Return to the original article.
What is "DjVu Imager" and what is it for?
The DjVu Imager v2.9 (1,17 MB) program is intended to DjVu-encode the scans containing the half-tone illustrations and photos. The program is a freeware and is covered by the "GPL 2 and later" license. It has the complete open sources (73 KB).
DjVu Imager has both Russian and English interfaces.
The program has its own history. Long time ago some people noticed that is was easy to DjVu encode the plain text, but the illustrated scans were a great problem.
Here are the examples of the illustrated scans:
Fig.1. An illustrated hardware catalogue. | Fig.2. A computer handbook with the dialog boxes images. |
The reason for the problem is that the text and the illustrations are too much dissimilar things - in terms of the DjVu encoding. They are even encoded differently, more exactly to say - the opposite ways.
The text is encoded with the maximum sharpness, but the illustrations on the contrary
are intentionally blurred as much as possible. That's why every time one had to create a
DjVu there was a question about how exactly to make the DjVu encoding?
At that time there were only 3 choices:
1. Encode the scan in the "text mode" (DjVuBitonal).
2. Encode the scan in the "illustrations mode" (DjVuPhoto).
2. Encode the scan with the automatical segmentation (auto-created DjVuDocument).

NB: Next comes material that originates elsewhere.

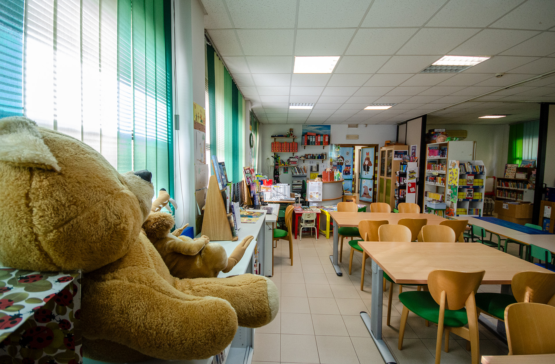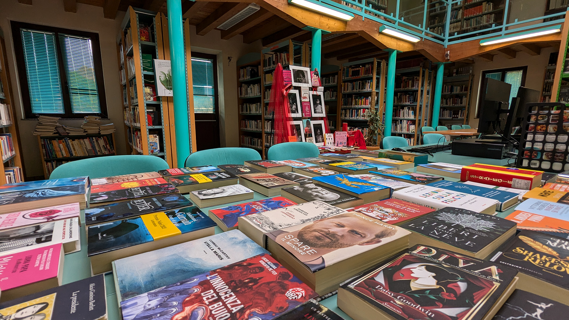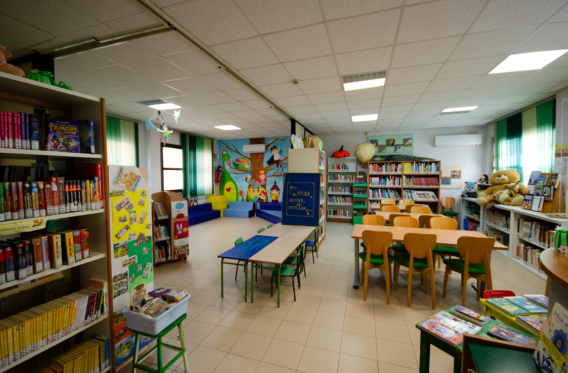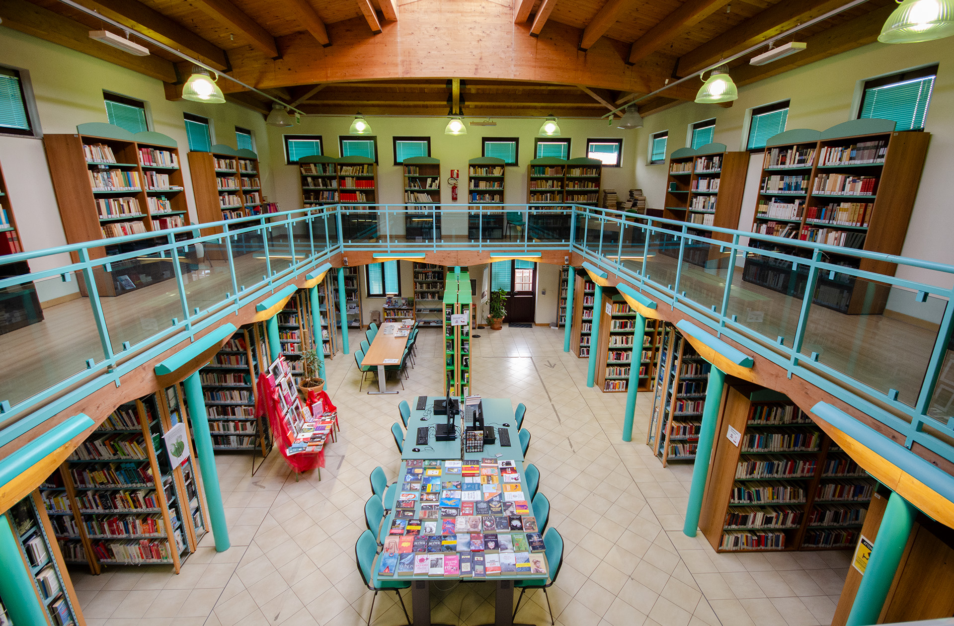 La biblioteca è disposta su due piani e ospita una Sezione Adulti e una Sezione dedicata ai Ragazzi.

Let's consider a particular scan as an example:
Fig. 3. The original scan with a halftone illustration (taken from the U235 site). |
The first method (the "text mode") had 2 flaws: the generated DjVu files were too big and the illustration lost the halftones (and looked like a middle-age engraving):
Fig. 4. The original scan encoded in the "text mode". |
The second method (the "illustrations mode") was by far worse. It turned the text around the image much blurred and unreadable:
Fig. 5. The original scan encoded in the "illustrations mode". |
The third method (the automatical segmentation) was bad too: it generated the artifacts over the image, because the automatics erroneously tried to find some text-alike elements over the image:
Fig. 6. The original scan encoded with the automatical segmentation. |
On the figure 6 you can neatly see the erroneous dot-like artifacts. But usually such artifacts look much worse - like some rude monochrome strands or scraps.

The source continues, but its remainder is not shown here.